Lastly, they wanted to protect insiders and incumbents by limiting the amount any one person can give to a campaign. That means no one who doesn't already have a huge fund raising network can run for office. No more Eugen McCarthys getting a few rich guys to back him to go out and cause trouble for incumbents.
but that is not how it was presented, now was it? Of course, not. We heard all the puffery about taking special interest (whatever the hell that means anymore) out of politics, and the media steno pool dutifully took notes and regurgitated what the pols were saying.
The first aim, by the way, has largely succeeded. Absent high personal wealth or a rich benefactor, which pretty well kills "average", regular folks cannot run.
No. Absolutely not.
Think about it: even North Korea's government had to acknowledge the free market existing within its borders.
Again, though, through Heller and McDonald, states can still make it virtually impossible to get a gun., Furthermore, there are states that would probably never ban guns.

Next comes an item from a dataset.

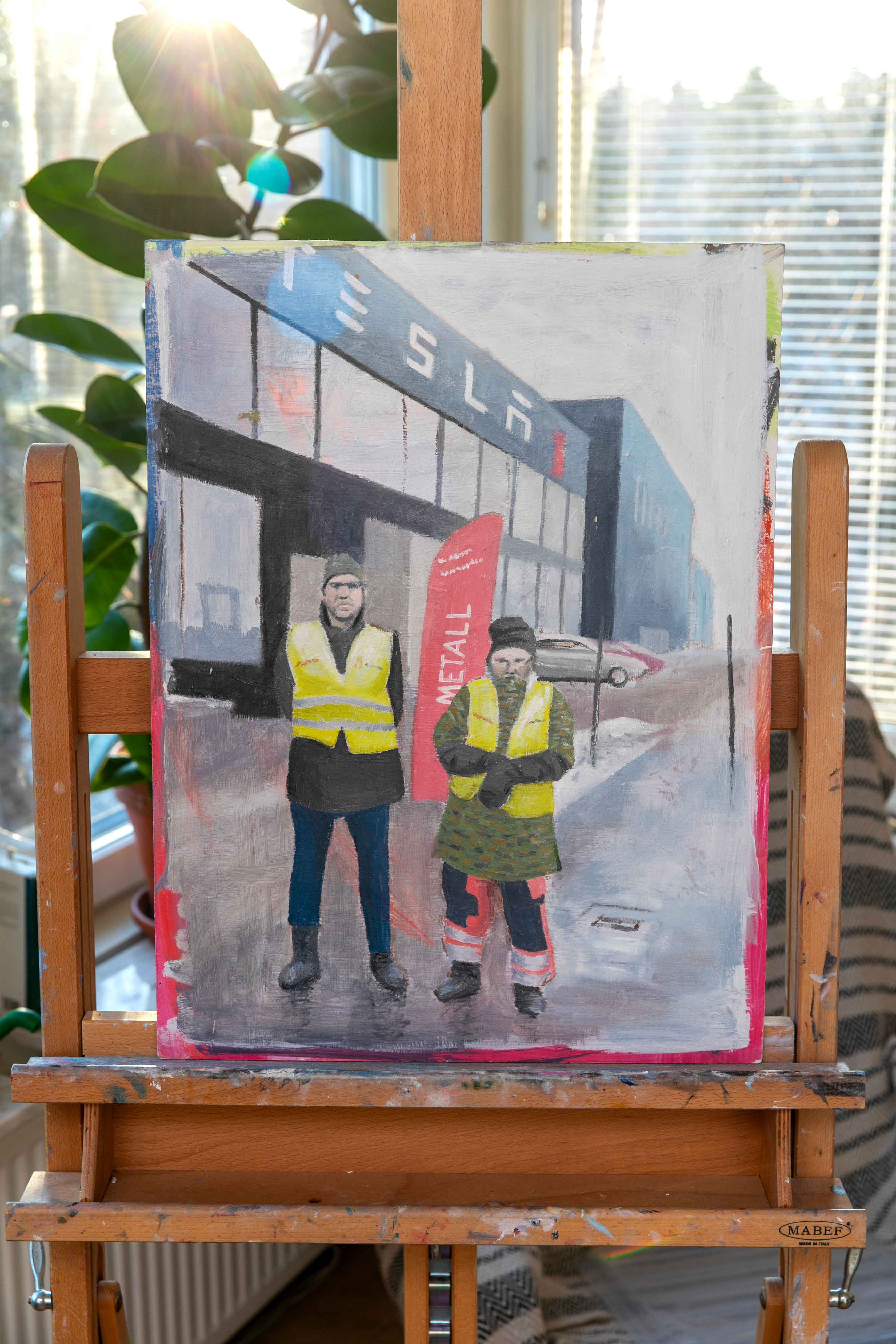 Under den långa strejken på Tesla har IF Metalls avdelningar fått fin uppbackning av andra fackförbund. I Uppsala har till exempel Kommunal ställt upp och stöttat med strejkvakter. En av dessa är Anders Alm, ordförande för sektion Uppsala Service-Teknik. Han är också en duktig målare och har målat flera tavlor med miljöer från strejken.

That has yet to be determined. There hasn't been enough litigation yet to really define what reasonable restrictions are. Heller and McDonald really are analogous to Brown v. Board. The precedent is there. But that doesn't mean much without years of continued litigation to make it have an effect. At this point it could go either way.
Oh, I'm sure you'll still be given a "choice" between government approved options. I just think that it's been proven Americans as a whole are much more willing to go along with government expanding over economic matters than taking guns away.
A literal reading of the Constitution as amended would prohibit the government from even asking what race a person is on any government form.